EXERCISE BRIEF: Retype the opening lines of the data exactly, stopping after the line that contains "Electric Chocolate Melting". Skip every picture.

── DATA SHOWN

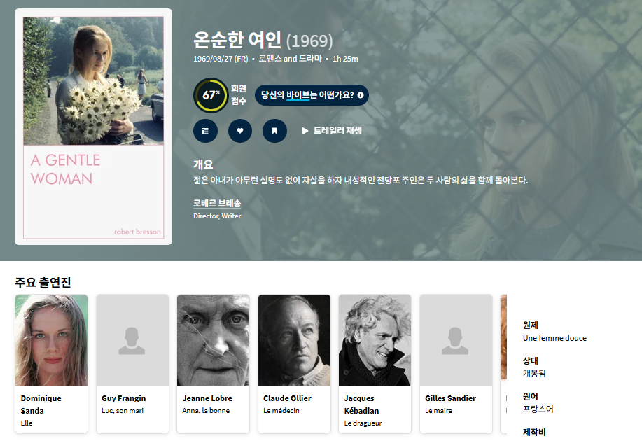 movie 영화 큐레이터 로베르 브레송 [큐레이터] 로베르 브레송 감독 [온순한 여인].. person ru*** calendar_today 2026.04.17 visibility 7,812 다운로드 2개 파일 folder_zip Une femme douce de Robert Bresson.1969.DVDRip.AVC.AAC.mkv 1.7 GB download folder_zip Une femme douce de Robert Bresson.1969.DVDRip.AVC.AAC.smi download
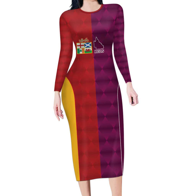 Custom British Lions Australia Queensland Sporty Style Long Sleeve Bodycon Dress
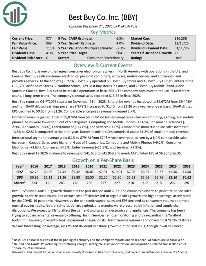 Best Buy reported Q3 FY2026 results on November 25th, 2025. Enterprise revenue increased to $9,672M from $9,445M, and non-GAAP diluted earnings per share (“EPS”) increased to $1.40 from $1.26 on a year-over-year basis. GAAP diluted EPS declined to $0.66 from $1.26. Comparable enterprise revenue increased 2.7%.
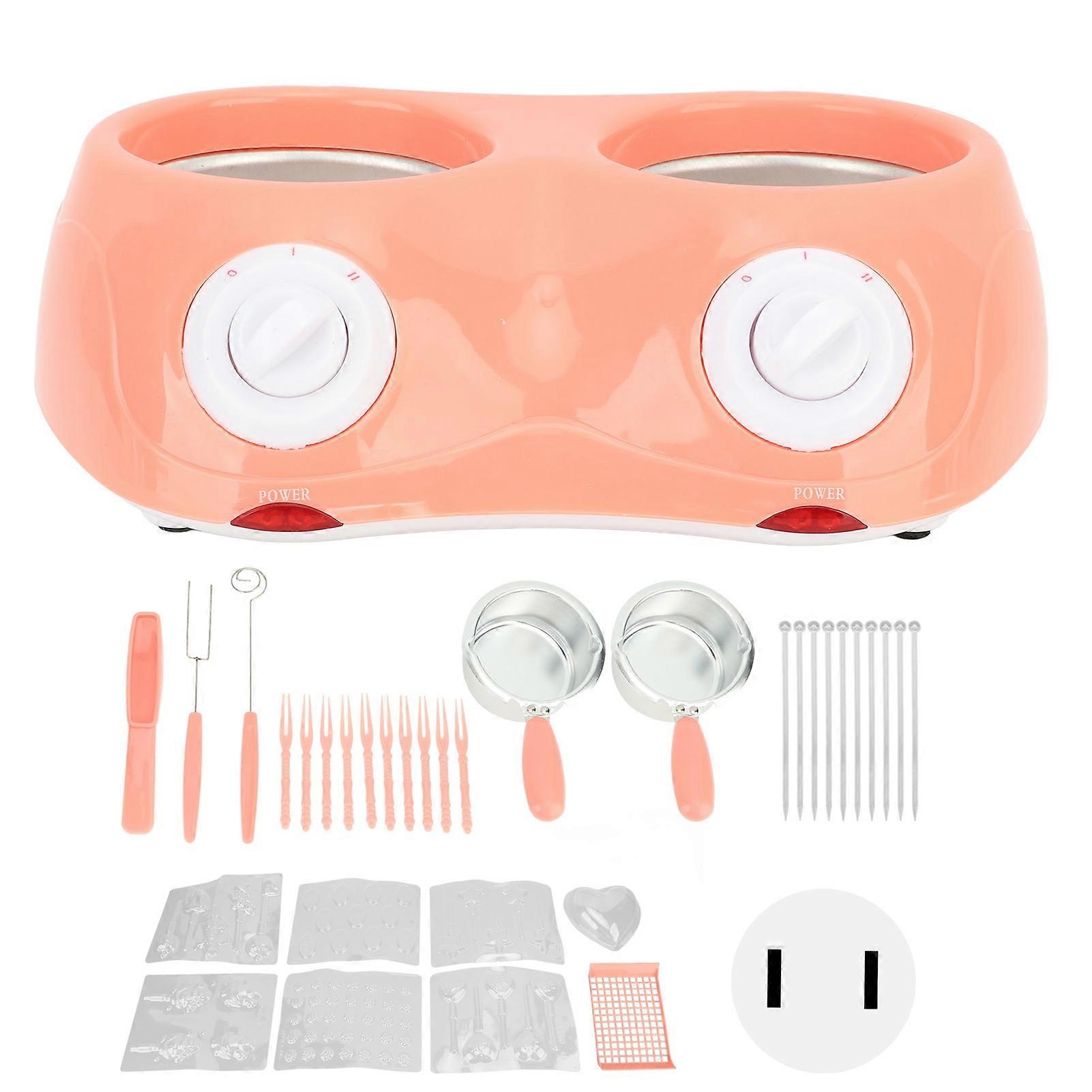 Electric Chocolate Melting Pot Double Fondue Melting Machine Kitchen Tool Pink 110-240V for Baking and Dessert Making
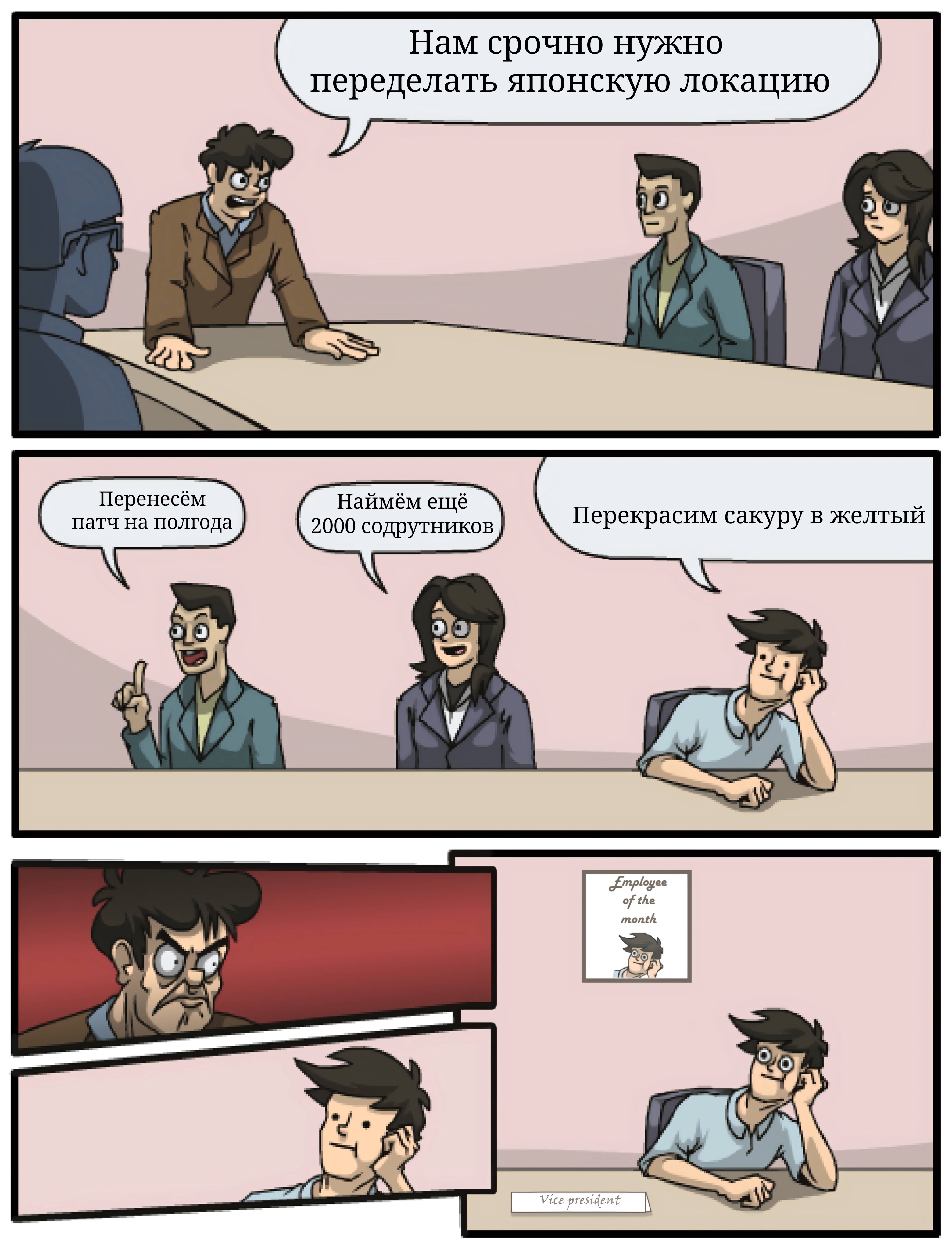 >>6190406 - ВРАГИ НА ПОДХОДЕ СРОЧНО ОТМЕНЯЕМ ВСЕ НАРАБОТКИ ЯПОНСКОЙ ПЛАНЕТЫ - Господин Давей, мы маленькая черноэкранная инди, мы физически не можем за 2 месяца создать даже первую локацию... - И как тогда быть? На меня косо смотрят на партийном собрании. А отмена контента окончательно убьет единственный денежный проект. - У меня есть гениальное решение!

────

RESULT OF THIS EXERCISE:
 movie 영화 큐레이터 로베르 브레송 [큐레이터] 로베르 브레송 감독 [온순한 여인].. person ru*** calendar_today 2026.04.17 visibility 7,812 다운로드 2개 파일 folder_zip Une femme douce de Robert Bresson.1969.DVDRip.AVC.AAC.mkv 1.7 GB download folder_zip Une femme douce de Robert Bresson.1969.DVDRip.AVC.AAC.smi download
 Custom British Lions Australia Queensland Sporty Style Long Sleeve Bodycon Dress
 Best Buy reported Q3 FY2026 results on November 25th, 2025. Enterprise revenue increased to $9,672M from $9,445M, and non-GAAP diluted earnings per share (“EPS”) increased to $1.40 from $1.26 on a year-over-year basis. GAAP diluted EPS declined to $0.66 from $1.26. Comparable enterprise revenue increased 2.7%.
 Electric Chocolate Melting Pot Double Fondue Melting Machine Kitchen Tool Pink 110-240V for Baking and Dessert Making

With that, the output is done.